This paper has three parts. The first part describes the prevalence
of mental health and addiction problems among inmates in New Jersey
jails and prisons. These rates are contrasted with those for the
nation and are used to identify the scope and nature of the state's
investment opportunity. The next part describes the "investment"
responses by New Jersey prisons and jails. The third part discusses
obstacles to "protecting" investments in health and justice outcomes
and recommends an investment strategy and operational changes that
might minimize the loss and maximize the return on the public's
investment dollar.
I. Behavioral Health Problems Among New Jersey Inmates: An
Investment Opportunity
Federal statistics show that approximately 16 percent of jail and
prison inmates have some type of mental health problem.1 A recent
report prepared by the National Commission on Correctional
Healthcare estimates higher rates of mental illness, especially
among women.2 It is also known that inmates with mental health
problems are likely to have co-occurring addiction problems.

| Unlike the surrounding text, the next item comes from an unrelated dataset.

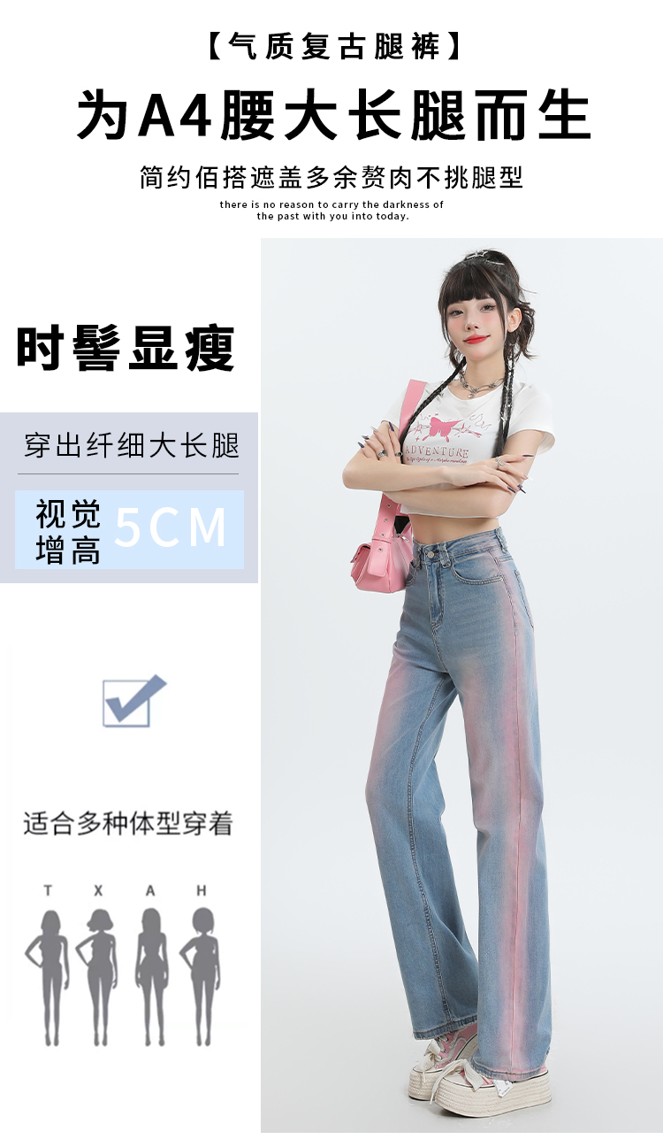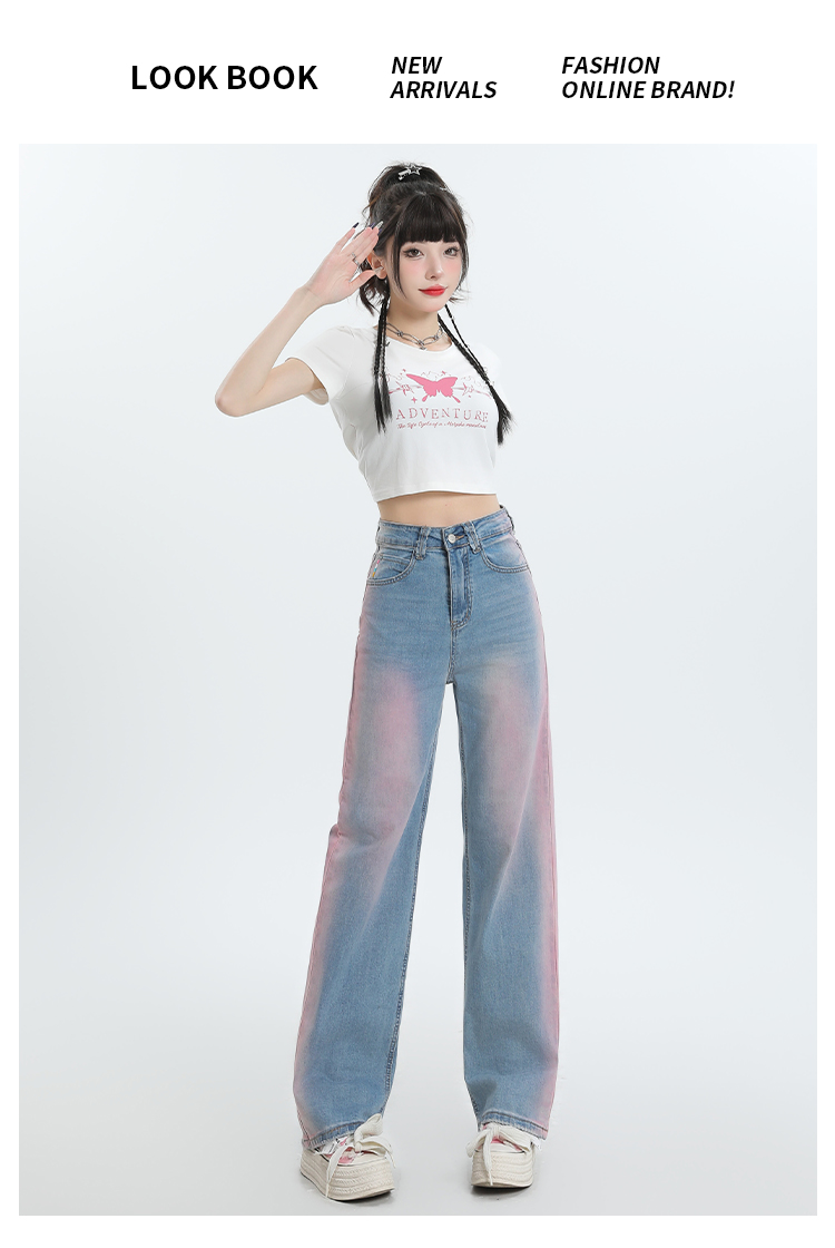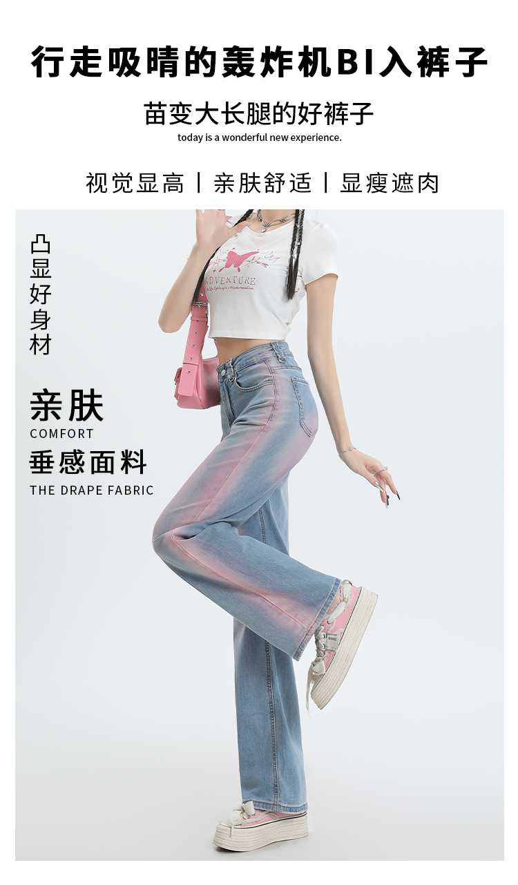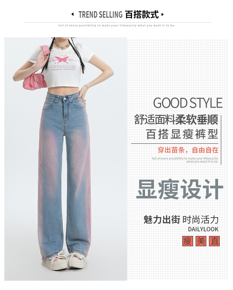 【微弹面料】罗蒙春夏牛仔裤女士直筒宽松舒适棉质弹力牛仔裤女长裤
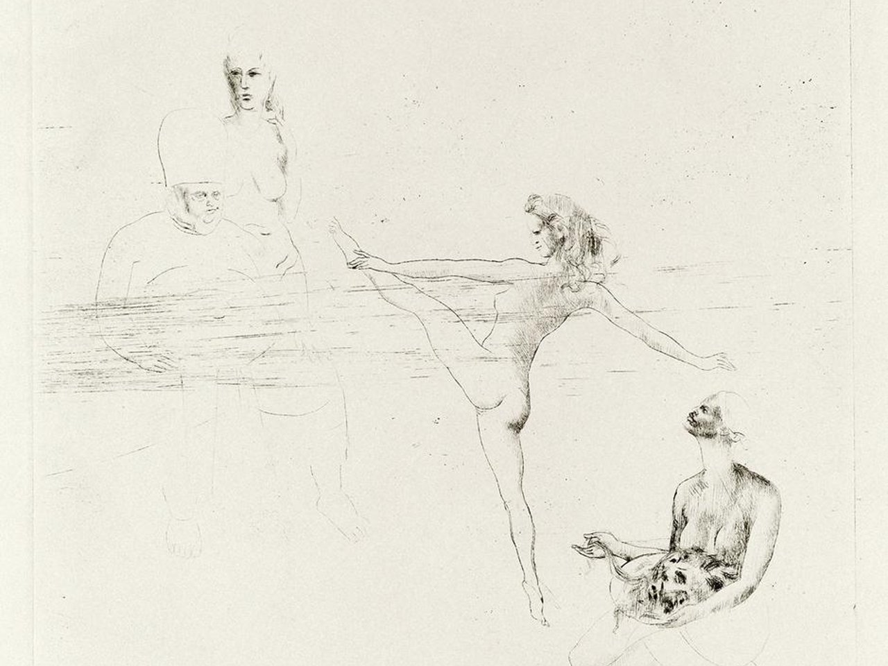 Drypoint, 1905. 405x350 mm; 16x13 3/4 inches, full margins. Edition of 250. Van Gelder watermark. Printed by Louis Fort, Paris. Published by Vollard, Paris. From La Suite des Saltimbanques. A superb impression with strong contrasts, burr on John the Baptist's head and the contours of the figures and crisp, partially inky plate edges.

According to federal statistics, roughly 60 percent of state prison
inmates with mental health problems were under the influence of
drugs or alcohol at the time of their index arrest.1 This estimate
is consistent with epidemiologic evidence on the co-morbidity
between mental illness and addiction problems.3-5
Combined together, these estimates suggest that mental illness is
over-represented in the incarcerated population, and it ranges in
its severity and persistence. But these are rather "soft" estimates,
lacking the detail and specificity required for informed policy
making and planning, in part because state and local correctional
authorities do not routinely collect mental health statistics, and
those numbers that are collected are typically not published.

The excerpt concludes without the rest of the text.